Most of us don’t ever want to let anyone down, we never want to see that look on someone’s face or hear that sound in their voice when they’ve been disappointed. Yet we continue to overextend ourselves.
Why?
We don’t know that we’re over committed.
We can’t say no.
We think we’re Wonder Woman.
We want everyone to like us.
I’m sure there are plenty more reasons we can come up with and you should definitely try to determine why you specifically might run into challenges with keeping your commitments so you can address that root cause.
I did an exercise a couple years back that I continue to do on a semi-annual basis to keep myself focused on what I really want to be committed to.

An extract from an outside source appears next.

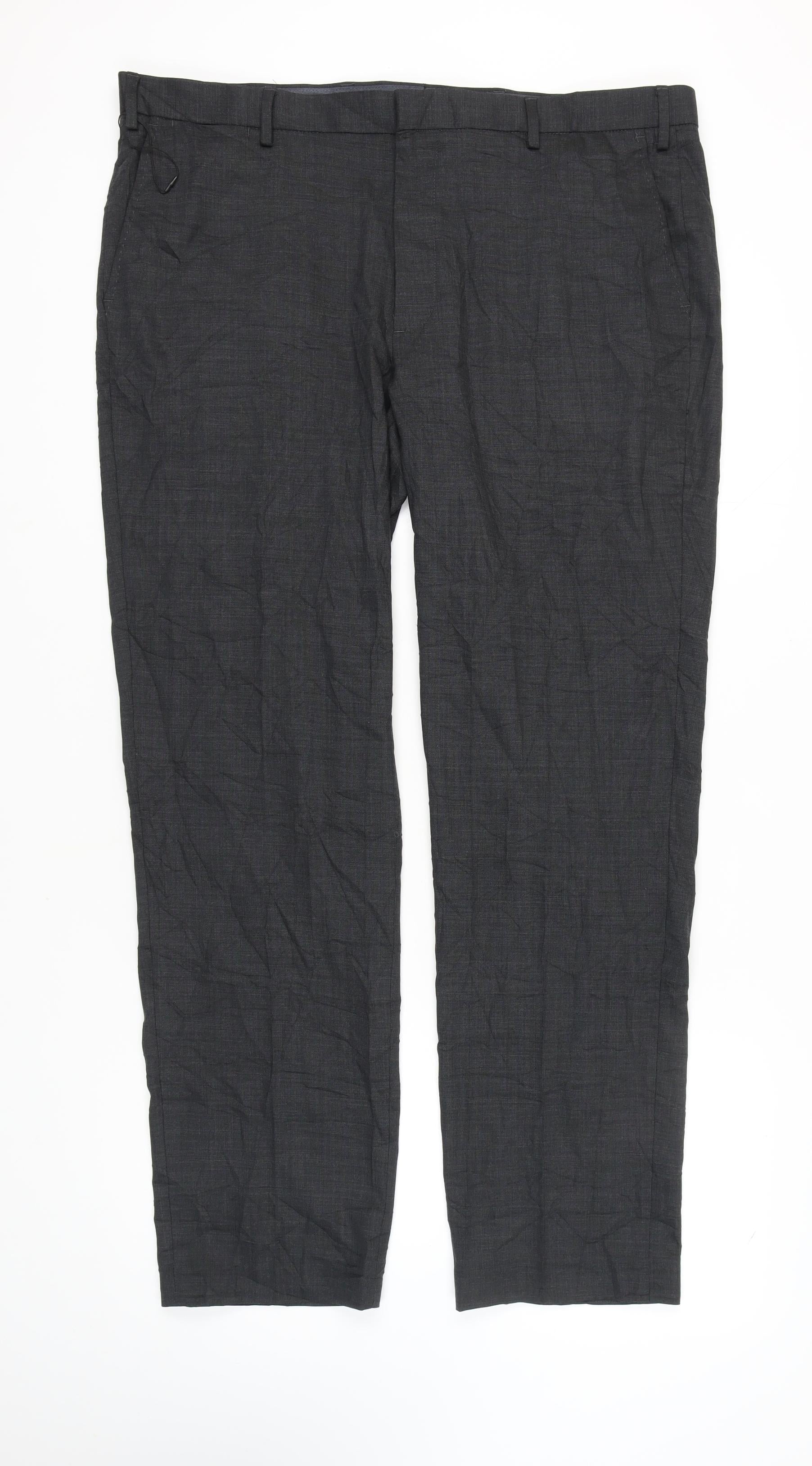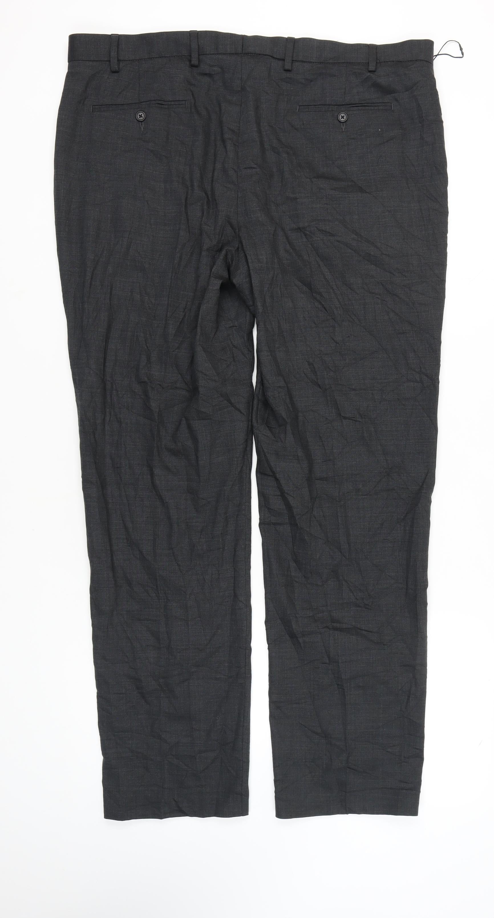 Marks and Spencer Men's Grey Regular Fit Trousers, Size 42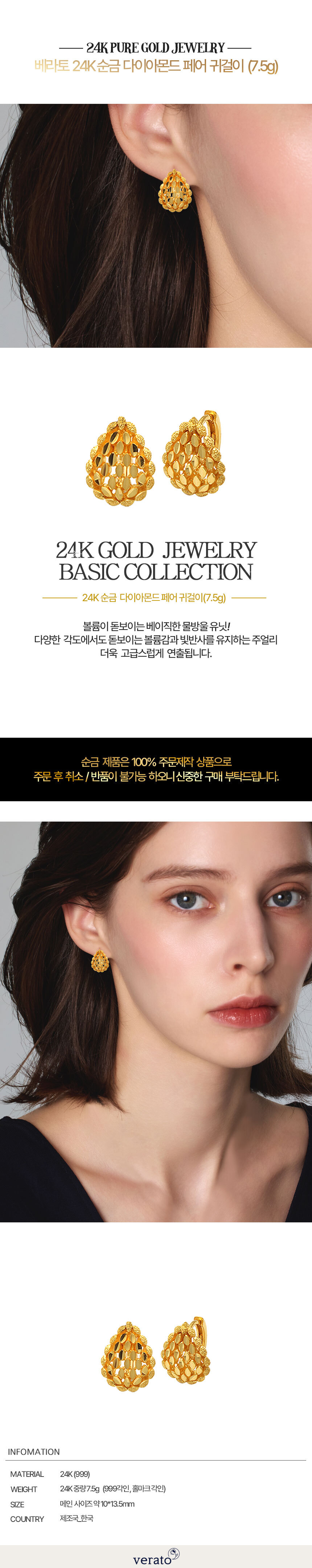 베라토 24K 순금 다이아몬드 페어 귀걸이(7.5g)

Take a few minutes and write down all the people, organizations and projects you are committed to. Then next to each of them write down the amount of time each of these commitments take up, this can be done by week or by month. Total up all the hours to see if the time spent is realistic, in other words if your commitments total up 140 hours in a week there’s no way you can do that unless you’re sleeping less than 3 hours a night.
Now number them with #1 being the commitment you enjoy the most, feel most compelled to keep or must keep because of your position either in your family or your business. Every commitment should have a number.
Start with the highest number and begin to create your plan to remove those commitments one at a time. Send the email, make the phone call but do it as soon as possible because there isn’t any turning back. Get control of time and how you spend it as it is the one thing you will never get back.